Let \(m,m'\ge 1\) be some integers with \(m'<m\). We first explain the reasons why the fitting and (unconditional) sampling approach considered in Sects. 3.3 and 3.4 has to be modified such that we can draw samples from arbitrary conditional distributions of a random vector \(Y = (Y_1, \ldots , Y_m)\), i.e., to draw samples \(y=(y_1, \ldots , y_m)\) from the conditional distribution of \(Y = (Y_1, \ldots , Y_m)\), given that \(Y_{i_1}=y_{i_1},\ldots ,Y_{i_{m'}}=y_{i_{m'}}\) for some subset of indices \(D=\{i_1,\ldots ,i_{m'}\} \subset \{1, \ldots , m \}\) and some vector \((y_{i_1},\ldots ,y_{i_{m'}})\in \mathbbm {R}^{m'}\),

Recall that the (direct and inverse) Rosenblatt transform considered in Sect. 3.4 works for arbitrary permutations of the sampling order provided that all conditional CDFs required for this transformation are known. Here, the sampling order refers to the order of the marginal dimensions from which samples are drawn. However, if we want to obtain these CDFs with the help of (13) and (14), the structure of the underlying R-vine copula restricts the choice of possible sampling orders. To understand why this is the case, note that in order to sample in any given order would require the construction of arbitrary (conditional) CDFs, the total number of which is equal to \(m 2^{m-1}\). However, an R-vine copula of dimension m consists of \(\frac{m (m-1)}{2}\) bivariate copulas. With the help of (13) and (14) two (conditional) CDFs can be obtained from each bivariate copula, i.e., we can obtain \(m (m-1)\) (conditional) CDFs in total from a given R-vine copula, which limits the number of possible sampling orders.

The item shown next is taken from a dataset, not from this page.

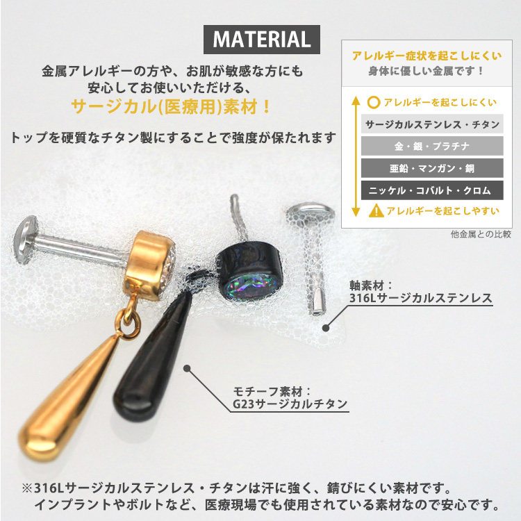 🛡 Point 03|肌に優しい高品質素材。サージカルステンレス&チタン・軸(ポスト)には医療器具にも使われる

Consider the R-vine copula in Fig. 1 which has (1, 2, 3, 5, 4) as a possible sampling order. To sample in this order with the inverse Rosenblatt transform, we obtain the required inverse CDFs \(F^{-1}_{Y_1}\), \(F^{-1}_{Y_2 \mid Y_1=y_1}\), \(F^{-1}_{Y_3 \mid Y_1=y_1, Y_2=y_2}\), \(F^{-1}_{Y_5 \mid Y_1=y_1, Y_2=y_2, Y_3=y_3}\) and \(F^{-1}_{Y_4 \mid Y_1=y_1, Y_2=y_2, Y_3=y_3, Y_5=y_5}\) from the marginal distribution \(\boxed {1}\) and the copulas \(\boxed {1,2}\), \(\boxed {1,3 \mid 2}\), \(\boxed {1,5 \mid 2,3}\) and \(\boxed {1,4 \mid 2,3,5}\) respectively. Note that this sampling order is possible because each copula corresponds to an edge connected to the previous copula or marginal distribution, e.g., \(\boxed {1,3 \mid 2}\) corresponds to an edge connected to \(\boxed {1,2}\) while \(\boxed {1,2}\) corresponds to the edge connected to \(\boxed {1}\). This ensures that a suitable copula for the next dimension in the sampling order exists.

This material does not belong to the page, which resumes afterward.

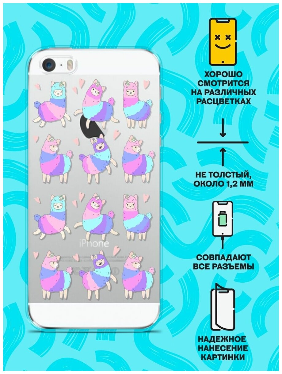 Силиконовый чехол на Apple iPhone 5/5s/SE Фиолетовые ламы / для Эпл Айфон 5/5C/CE интересное:

Now consider the sampling order (1, 2, 3, 4, 5), which is impossible. Analogously to the previous sampling order the inverse CDFs \(F^{-1}_{Y_1}\), \(F^{-1}_{Y_2 \mid Y_1=y_1}\) and \(F^{-1}_{Y_3 \mid Y_1=y_1, Y_2=y_2}\) can be obtained. However, to obtain the \(4^{\hbox {th}}\) necessary inverse CDF \(F^{-1}_{Y_4 \mid Y_1=y_1, Y_2=y_2, Y_3=y_3}\) for the inverse Rosenblatt transform, the copulas \(\boxed {1,4 \mid 2, 3}\) or \(\boxed {3,4 \mid 1, 2}\) are required which do not exist within the considered R-vine copula.

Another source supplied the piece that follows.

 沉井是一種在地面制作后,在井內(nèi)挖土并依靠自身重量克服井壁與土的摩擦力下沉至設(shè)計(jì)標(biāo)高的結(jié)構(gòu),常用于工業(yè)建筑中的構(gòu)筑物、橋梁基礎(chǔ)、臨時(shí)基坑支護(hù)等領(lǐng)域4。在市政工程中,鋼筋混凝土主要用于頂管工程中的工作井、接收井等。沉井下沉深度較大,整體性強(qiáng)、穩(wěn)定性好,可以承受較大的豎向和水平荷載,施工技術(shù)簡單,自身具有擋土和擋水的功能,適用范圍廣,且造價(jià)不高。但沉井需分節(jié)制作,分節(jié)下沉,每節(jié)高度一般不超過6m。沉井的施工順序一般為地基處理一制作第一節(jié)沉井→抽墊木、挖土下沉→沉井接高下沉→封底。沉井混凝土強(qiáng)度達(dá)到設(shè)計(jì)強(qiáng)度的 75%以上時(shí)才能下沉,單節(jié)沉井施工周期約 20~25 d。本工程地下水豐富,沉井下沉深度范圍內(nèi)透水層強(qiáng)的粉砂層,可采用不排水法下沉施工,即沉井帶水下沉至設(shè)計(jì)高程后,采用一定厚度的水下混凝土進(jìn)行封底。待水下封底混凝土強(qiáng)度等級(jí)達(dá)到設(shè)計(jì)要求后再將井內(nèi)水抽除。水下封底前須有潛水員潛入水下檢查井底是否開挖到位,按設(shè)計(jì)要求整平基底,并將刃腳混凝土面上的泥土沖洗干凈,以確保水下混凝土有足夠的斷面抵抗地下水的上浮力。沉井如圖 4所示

As shown in Theorem 5.1 in Cooke et al. (2015), an R-vine copula of dimension m has only \(2^{m-1}\) possible sampling orders. This is due to the fact that every possible sampling order corresponds to a vector \(\lambda = (\lambda _1,\ldots ,\lambda _m) = (v_1, \ldots , v_{m-1}, e)\) with \(v_i \in \mathcal {T}_i\) and \(e \in \mathcal {E}_{m-1}\), i.e., the CDF used in the first equation of the Rosenblatt transform is the marginal CDF \(F_{v_1}\) whereas the conditional CDFs of the equations thereafter are given by the copulas corresponding to \(\lambda _2,\ldots ,\lambda _m\). Recall that for each equation of the Rosenblatt transformation the dimension of the condition of the corresponding conditional CDF grows by one. This restricts the choice of \(\lambda _{i+1}\) to copulas for which it holds that \(\lambda _i \in \lambda _{i+1}\) for all \(i \in \{1, \ldots , m-2\}\), i.e., \(\lambda _i \in \mathcal {T}_i\) must be a vertex of the edge \(\lambda _{i+1} \in \mathcal {T}_{i+1}\), because only then the copula corresponding to \(\lambda _{i+1}\) can be used to construct a conditional CDF with a valid condition for the \((i+1)\)-th equation of the Rosenblatt transform.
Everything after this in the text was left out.